Well, not exactly (and no thank you). But lacking both time and other pressing concerns today, I belatedly take note of a passing mention of the humble blog in Melissa Healy's health column in the Los Angeles Times last month.

The common mantra now is that if you have depression, seek treatment because it is a treatable illness. By all means seek treatment, but part of psychiatry's soft underbelly (well, okay, psychiatry is really pretty soft all over, a real pussycat) is the weakness of its antidepressant treatments.

Based on both my clinical experience and my understanding of the literature, I don't buy the argument that antidepressants are a vast fraud, no better than placebo.
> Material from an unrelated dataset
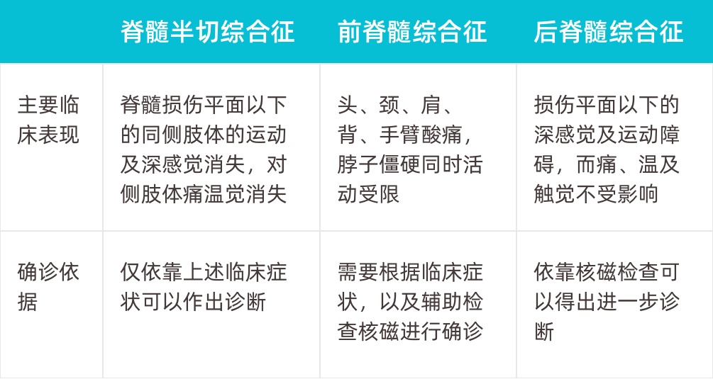 当患者出现神经功能障碍需要去神经内科进一步检查,有外伤或刀伤时,需要立即就诊于骨科,可以完善X线、CT和核磁予以诊断,但需要脊髓半切综合征与前、后脊髓综合征进行鉴别诊断。

But they're certainly not as robust as many would like to believe.

Often in this blog I have been critical of psychiatry, and the profession has left a lot to be desired in terms of the results it delivers. And I know that the most puerile response to criticism of any field is to say, "Well, do you think you could do better?" As my recently profiled favorite Samuel Johnson put it, one needn't be skilled at making tables in order to offer an informed critique of a particular table.

However, when the antipsychiatry folks shake their heads in disgust when patients end up on multiple medications, often "off label" and carrying significant side effects, I can't help wondering what they would do if faced with the patients psychiatrists see. Tell them to eat healthy food, get fresh air and exercise, find God, get married, get divorced, get a therapist? What if you do all these things and a hundred more, and try all the FDA-indicated treatments for depression, and years go by, and nothing happens? Well, you get creative, in a sometimes desperate attempt to alleviate suffering. It is easy to disdain the endeavor in a blog, with no patient sitting across from you.

5 comments:

Retriever said...

Good post. My family members and I will snarl at the next person who snarks about how depressed people are just whiners, that depression is treatable, that it can be cured in six sessions of CBT and with one course of SSRIs. Treatment-resistant doesn't even begin to describe the disorders that afflict my relatives. And I do not mean that the patients are resistant to seeking, paying for, and following the advice of their doctors. But rather that nothing helps completely or for long. Some of us have found very good doctors to whom (not to meds or one kind of formulaic therapy) we owe our lives.

Anonymous said...

Anything less than a cure is worthless.

...accurate, economical, permanent, painless, convenient, organic, preservative free, shrinkwrapped, healthy but tasty - they want it all...

People want the reassurance that if their brains starting flipping, they can be guaranteed a painless tune-up; and if they can buy the treatment in a supermarket with free coupons, even better.

They canned cheese, did they not? A cure for depression can't be any harder....

Novalis, should Dr Phil be feeling threatened? Can I be on your show when you're famous?

Novalis said...

How can you speak of Dr. Phil in the same breath as the leviathan, the juggernaut, the media empire that Ars Psychiatrica has become? It's grown too large; what have I done?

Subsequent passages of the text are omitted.